**Information shown**
▶
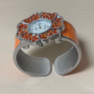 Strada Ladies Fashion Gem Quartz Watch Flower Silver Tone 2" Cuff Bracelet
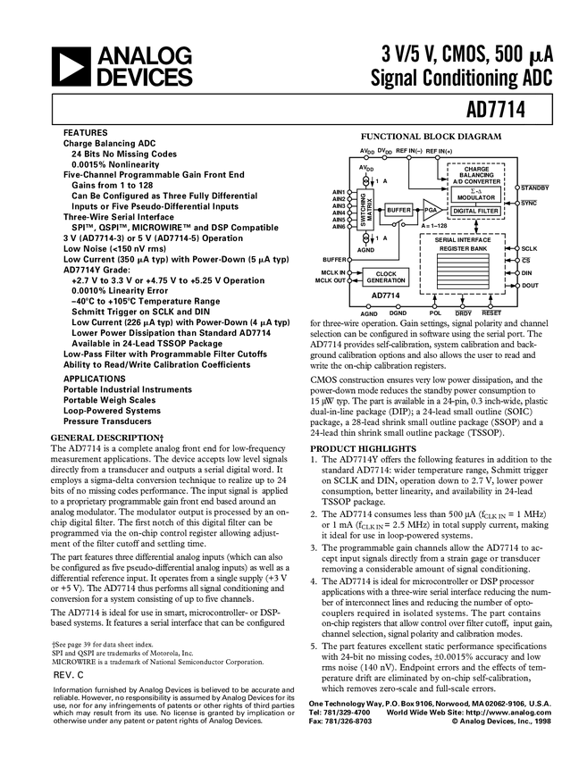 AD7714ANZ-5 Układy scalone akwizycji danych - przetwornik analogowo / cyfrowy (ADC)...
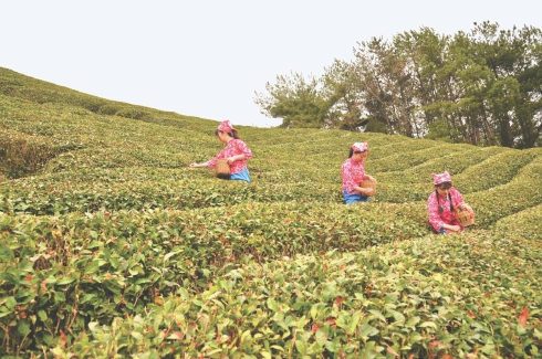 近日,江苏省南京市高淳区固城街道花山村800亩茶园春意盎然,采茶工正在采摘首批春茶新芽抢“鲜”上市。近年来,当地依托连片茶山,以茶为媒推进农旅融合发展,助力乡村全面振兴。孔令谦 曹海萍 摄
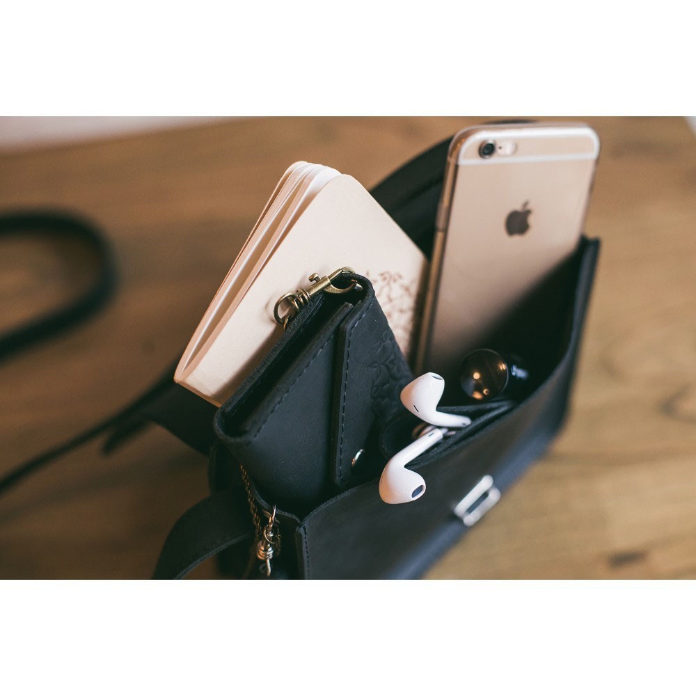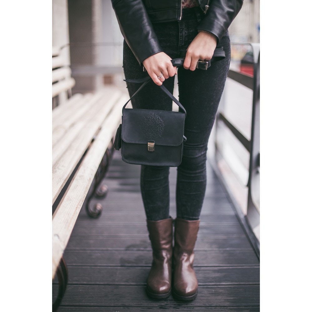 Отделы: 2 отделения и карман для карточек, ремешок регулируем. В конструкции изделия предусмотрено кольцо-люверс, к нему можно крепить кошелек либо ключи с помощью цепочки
◀
**Exercise aim**
Pictures aside, repeat every line of the data above exactly.

**Completed exercise**
 Strada Ladies Fashion Gem Quartz Watch Flower Silver Tone 2" Cuff Bracelet
 AD7714ANZ-5 Układy scalone akwizycji danych - przetwornik analogowo / cyfrowy (ADC)...
 近日,江苏省南京市高淳区固城街道花山村800亩茶园春意盎然,采茶工正在采摘首批春茶新芽抢“鲜”上市。近年来,当地依托连片茶山,以茶为媒推进农旅融合发展,助力乡村全面振兴。孔令谦 曹海萍 摄
 Отделы: 2 отделения и карман для карточек, ремешок регулируем. В конструкции изделия предусмотрено кольцо-люверс, к нему можно крепить кошелек либо ключи с помощью цепочки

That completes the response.